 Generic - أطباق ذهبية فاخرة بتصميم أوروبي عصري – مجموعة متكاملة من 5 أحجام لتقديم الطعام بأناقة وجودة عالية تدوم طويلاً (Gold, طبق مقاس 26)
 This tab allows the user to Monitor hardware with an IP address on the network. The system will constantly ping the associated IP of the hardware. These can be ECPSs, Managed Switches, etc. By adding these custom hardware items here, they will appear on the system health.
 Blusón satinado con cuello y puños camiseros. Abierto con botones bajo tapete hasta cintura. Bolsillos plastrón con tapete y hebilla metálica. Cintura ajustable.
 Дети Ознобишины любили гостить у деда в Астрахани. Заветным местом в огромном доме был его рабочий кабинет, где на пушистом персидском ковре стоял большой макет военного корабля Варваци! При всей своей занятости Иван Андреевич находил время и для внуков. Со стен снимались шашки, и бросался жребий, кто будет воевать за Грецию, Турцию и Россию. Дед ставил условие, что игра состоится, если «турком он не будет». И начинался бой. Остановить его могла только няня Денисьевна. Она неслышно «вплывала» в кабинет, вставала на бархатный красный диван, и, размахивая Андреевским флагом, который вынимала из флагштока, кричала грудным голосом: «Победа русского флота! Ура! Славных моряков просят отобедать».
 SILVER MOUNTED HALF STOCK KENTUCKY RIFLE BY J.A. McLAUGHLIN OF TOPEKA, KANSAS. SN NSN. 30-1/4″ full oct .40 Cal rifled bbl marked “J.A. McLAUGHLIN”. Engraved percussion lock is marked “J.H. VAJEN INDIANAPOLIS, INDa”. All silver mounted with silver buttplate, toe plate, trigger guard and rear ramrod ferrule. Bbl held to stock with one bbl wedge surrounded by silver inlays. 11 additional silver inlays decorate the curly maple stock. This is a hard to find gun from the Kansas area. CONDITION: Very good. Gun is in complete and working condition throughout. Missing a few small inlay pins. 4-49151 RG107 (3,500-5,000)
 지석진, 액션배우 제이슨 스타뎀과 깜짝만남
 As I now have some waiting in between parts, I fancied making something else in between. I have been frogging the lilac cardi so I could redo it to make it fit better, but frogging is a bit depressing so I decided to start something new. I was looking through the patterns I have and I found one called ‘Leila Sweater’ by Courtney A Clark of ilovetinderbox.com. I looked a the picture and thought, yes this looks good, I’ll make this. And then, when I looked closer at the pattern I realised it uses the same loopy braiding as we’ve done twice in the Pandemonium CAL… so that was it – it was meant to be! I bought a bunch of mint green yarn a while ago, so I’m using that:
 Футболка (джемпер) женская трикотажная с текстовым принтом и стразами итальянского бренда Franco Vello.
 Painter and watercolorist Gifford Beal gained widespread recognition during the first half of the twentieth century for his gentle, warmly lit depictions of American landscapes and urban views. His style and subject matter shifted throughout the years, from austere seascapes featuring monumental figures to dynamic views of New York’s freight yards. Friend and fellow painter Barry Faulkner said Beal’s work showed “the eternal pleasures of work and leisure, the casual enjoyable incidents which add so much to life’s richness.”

ACTION ITEM> From the records above, transcribe exactly the run of lines that opens with the line holding "This tab allows" and closes with the line holding "Дети Ознобишины любили", both included.

WRITTEN SOLUTION>
 This tab allows the user to Monitor hardware with an IP address on the network. The system will constantly ping the associated IP of the hardware. These can be ECPSs, Managed Switches, etc. By adding these custom hardware items here, they will appear on the system health.
 Blusón satinado con cuello y puños camiseros. Abierto con botones bajo tapete hasta cintura. Bolsillos plastrón con tapete y hebilla metálica. Cintura ajustable.
 Дети Ознобишины любили гостить у деда в Астрахани. Заветным местом в огромном доме был его рабочий кабинет, где на пушистом персидском ковре стоял большой макет военного корабля Варваци! При всей своей занятости Иван Андреевич находил время и для внуков. Со стен снимались шашки, и бросался жребий, кто будет воевать за Грецию, Турцию и Россию. Дед ставил условие, что игра состоится, если «турком он не будет». И начинался бой. Остановить его могла только няня Денисьевна. Она неслышно «вплывала» в кабинет, вставала на бархатный красный диван, и, размахивая Андреевским флагом, который вынимала из флагштока, кричала грудным голосом: «Победа русского флота! Ура! Славных моряков просят отобедать».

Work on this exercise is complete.